Underground: The Tokyo Gas Attack and the Japanese Psyche by Haruki Murakami
My rating: 3 of 5 stars
I find it very interesting reading non-fiction by writers that are generally better known for their novels. I like taking a sneak peek at how they perceive and document real events and whether their love for the imaginary can affect the way they tell a story.
For some reason I have connected Murakami with magical realism, even if I’ve only read only one other book of his and that not one of the most well-known. This book, then, didn’t feel like Murakami – possibly because I have no clear idea of what Murakami feels like in the first place, maybe because it had too little magical and too much realism in it, the hard-hitting kind, the “it could have been me” a lot of the people in the book kept saying.

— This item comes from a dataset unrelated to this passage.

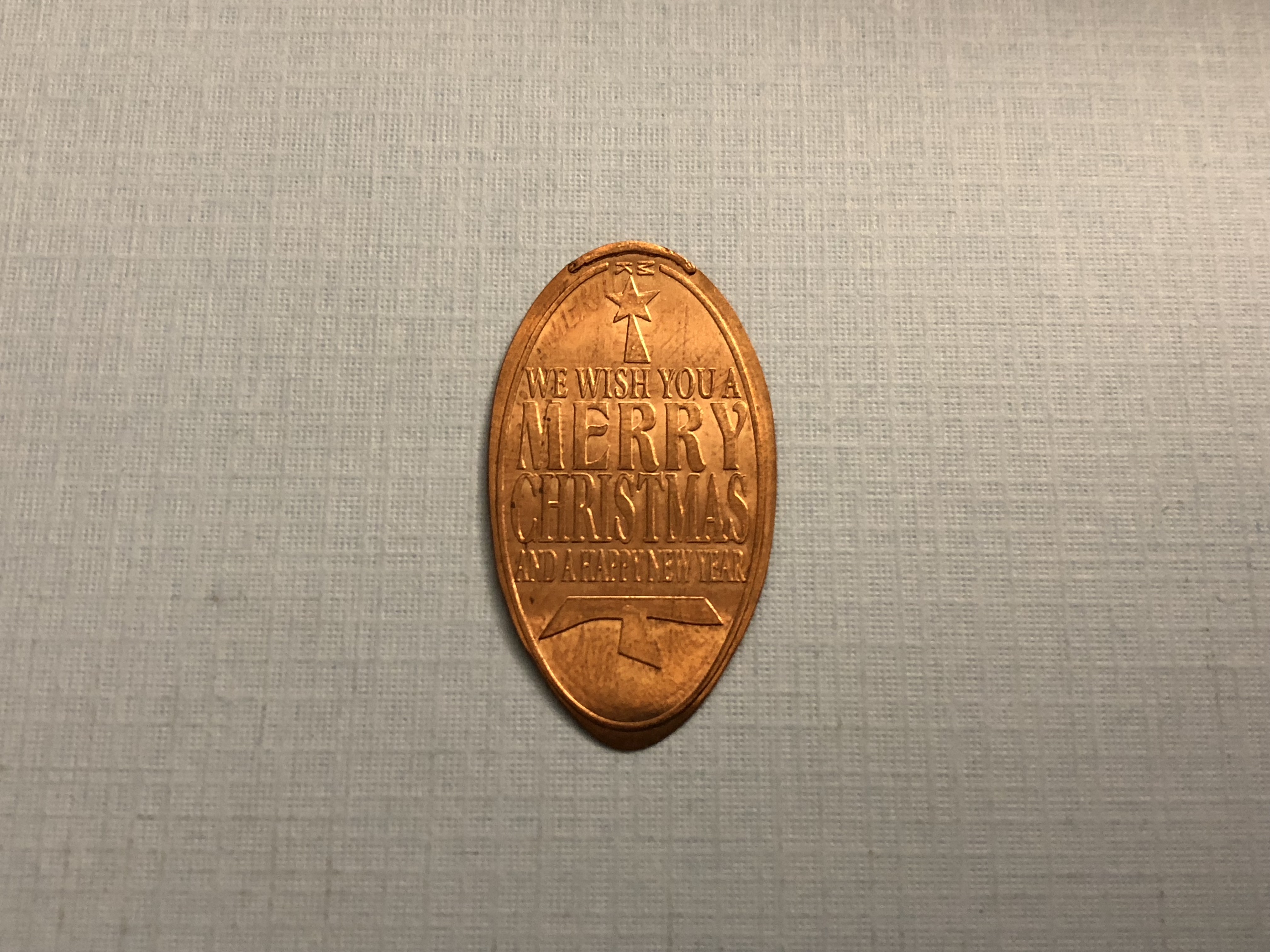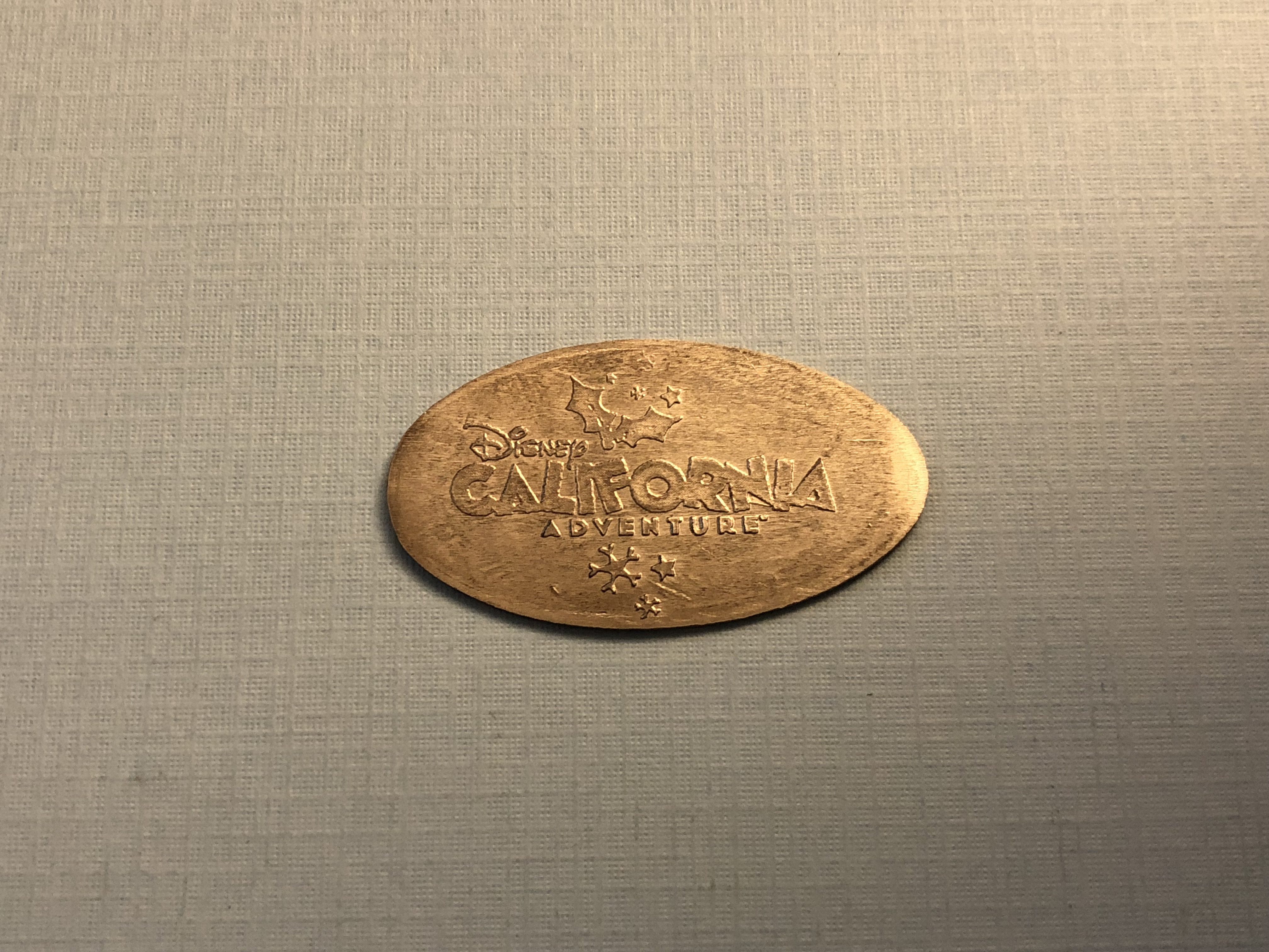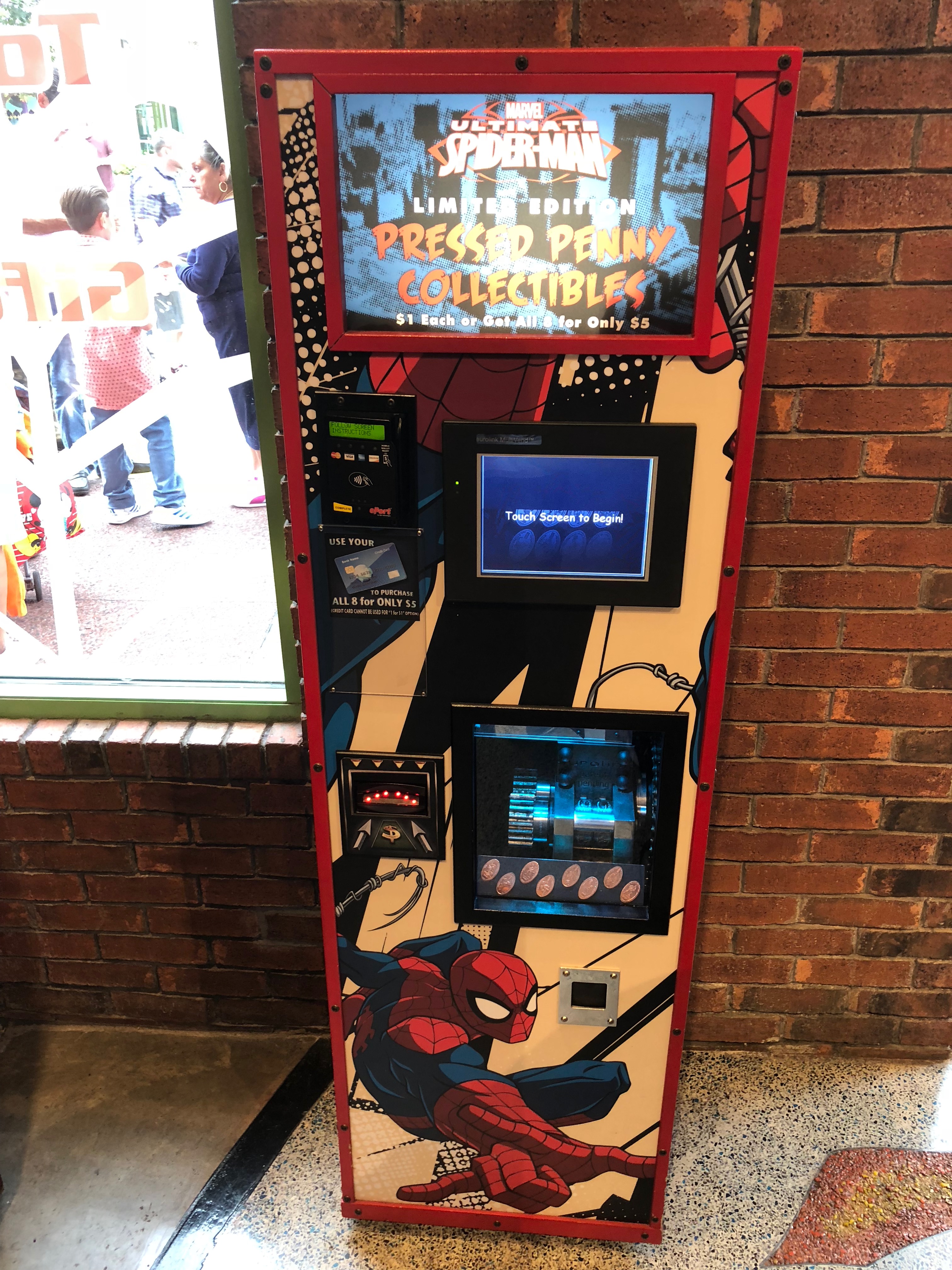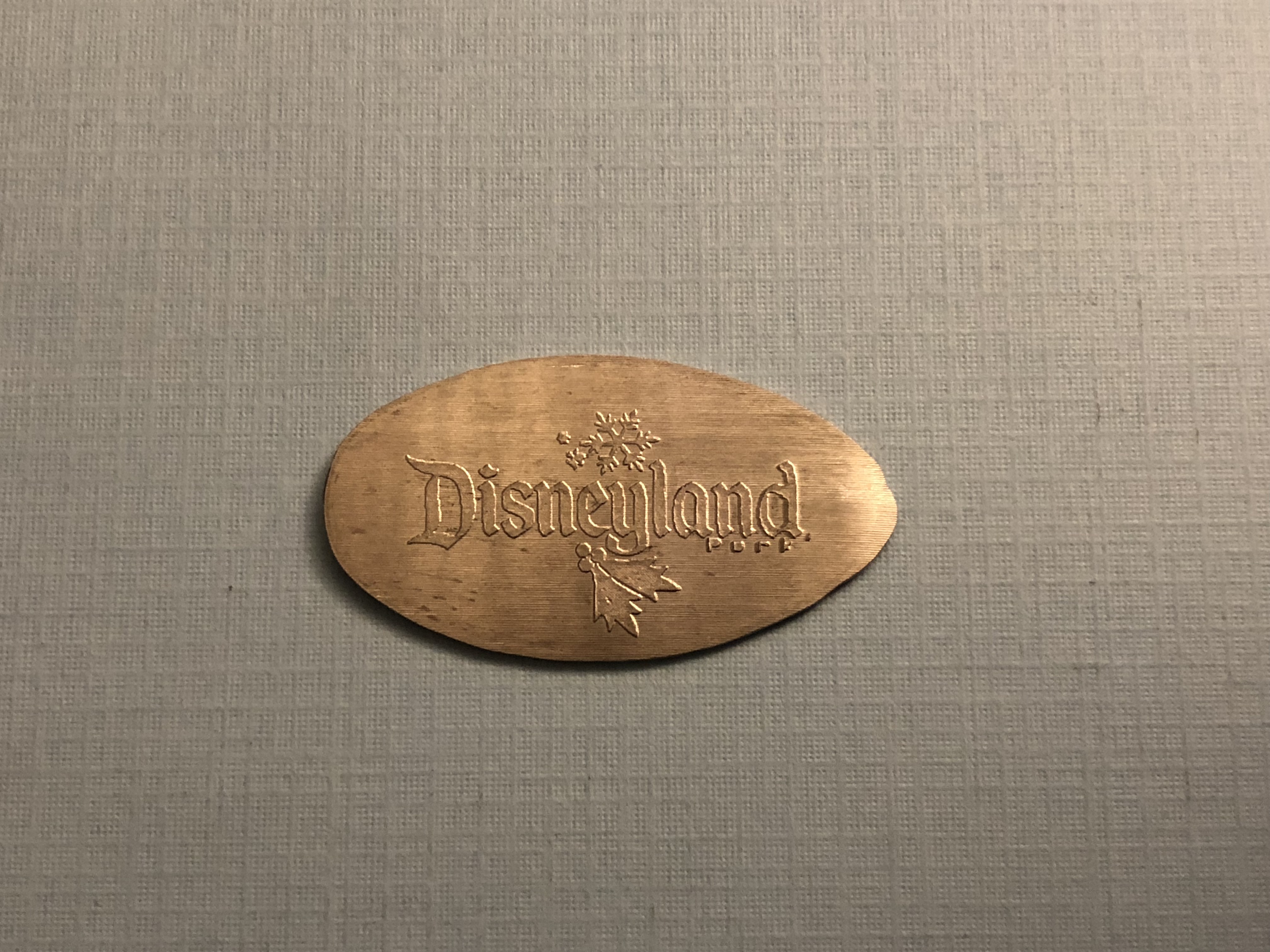 The set of pennies from this machine (when working) have designs of Grumpy Dwarf, Spaceman Mickey, and the Wicked Queen from Snow White.

However, I don’t want to do Underground injustice and understate the way it moved my imagination and sense of awe(m). In the second part of the book, a later publication which followed the success of what was originally just the first part (the one with the interviews of the victims and the indirecty affected), we get to see what Aum, the religious cult/organisation whose higher-ups were behind the gas attacks, was like from the inside. We get to read the stories of disillusioned still-members, tortured ex-members, believers that achieved superpowers through their association and training with Aum, personal histories that follow certain people’s fascination with transcendence and enlightenment and how ultimately that led them to the cult’s doorstep. These stories, what people were able to do, what peace they found, what secret powers their leaving the “secular world” unlocked in them… To be honest, judging by their motives and lost hopes in the world and by my own sense of being a ship in an endless ocean trying to find an island, I can completely relate; I, too, would have become a member. But would I have done things differently were I in their shoes? Maybe I should be asking myself what I would have done if I was Japanese before I ask anything else, of course!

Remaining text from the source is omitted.